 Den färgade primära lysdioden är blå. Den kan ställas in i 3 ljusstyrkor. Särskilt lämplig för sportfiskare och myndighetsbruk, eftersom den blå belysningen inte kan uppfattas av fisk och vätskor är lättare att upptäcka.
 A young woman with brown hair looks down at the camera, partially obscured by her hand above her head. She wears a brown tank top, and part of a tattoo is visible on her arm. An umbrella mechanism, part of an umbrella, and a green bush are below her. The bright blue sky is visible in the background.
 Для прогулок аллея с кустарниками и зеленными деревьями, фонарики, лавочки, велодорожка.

* * *

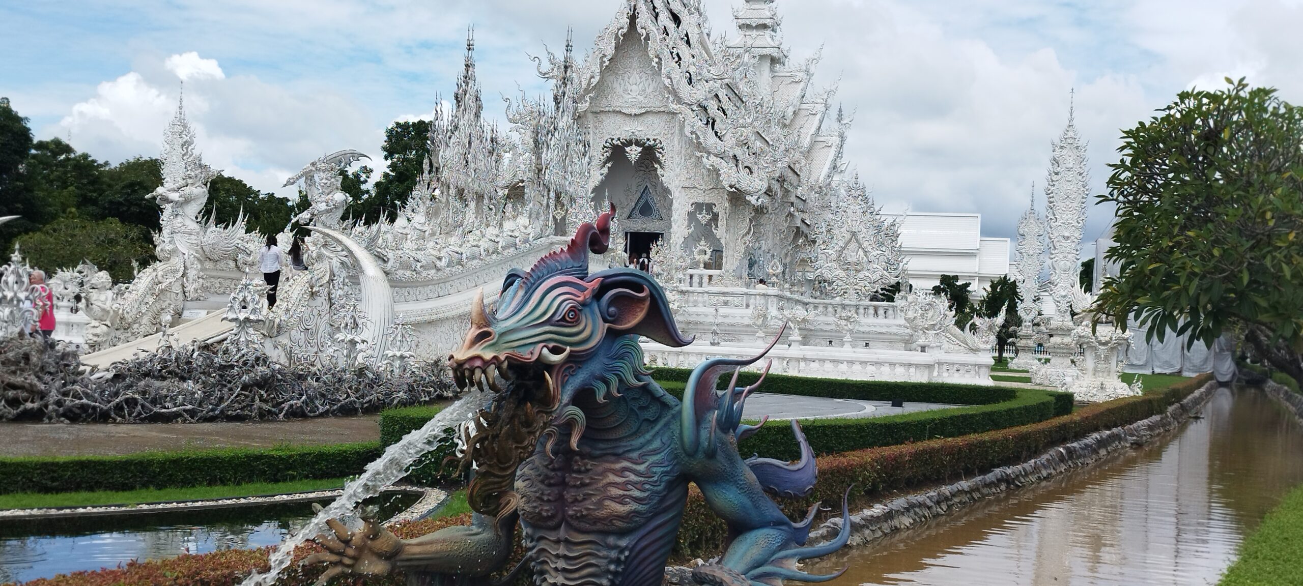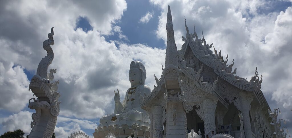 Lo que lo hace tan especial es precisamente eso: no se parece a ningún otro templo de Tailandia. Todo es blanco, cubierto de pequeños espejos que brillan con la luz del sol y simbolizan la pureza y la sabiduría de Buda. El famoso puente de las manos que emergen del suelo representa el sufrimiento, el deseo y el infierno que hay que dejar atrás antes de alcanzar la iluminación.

## Your instructions
Could you return exactly the stretch of the data above that starts at the line with "Den färgade primära" and ends at the line with "Для прогулок аллея", both lines included?

## Your response
 Den färgade primära lysdioden är blå. Den kan ställas in i 3 ljusstyrkor. Särskilt lämplig för sportfiskare och myndighetsbruk, eftersom den blå belysningen inte kan uppfattas av fisk och vätskor är lättare att upptäcka.
 A young woman with brown hair looks down at the camera, partially obscured by her hand above her head. She wears a brown tank top, and part of a tattoo is visible on her arm. An umbrella mechanism, part of an umbrella, and a green bush are below her. The bright blue sky is visible in the background.
 Для прогулок аллея с кустарниками и зеленными деревьями, фонарики, лавочки, велодорожка.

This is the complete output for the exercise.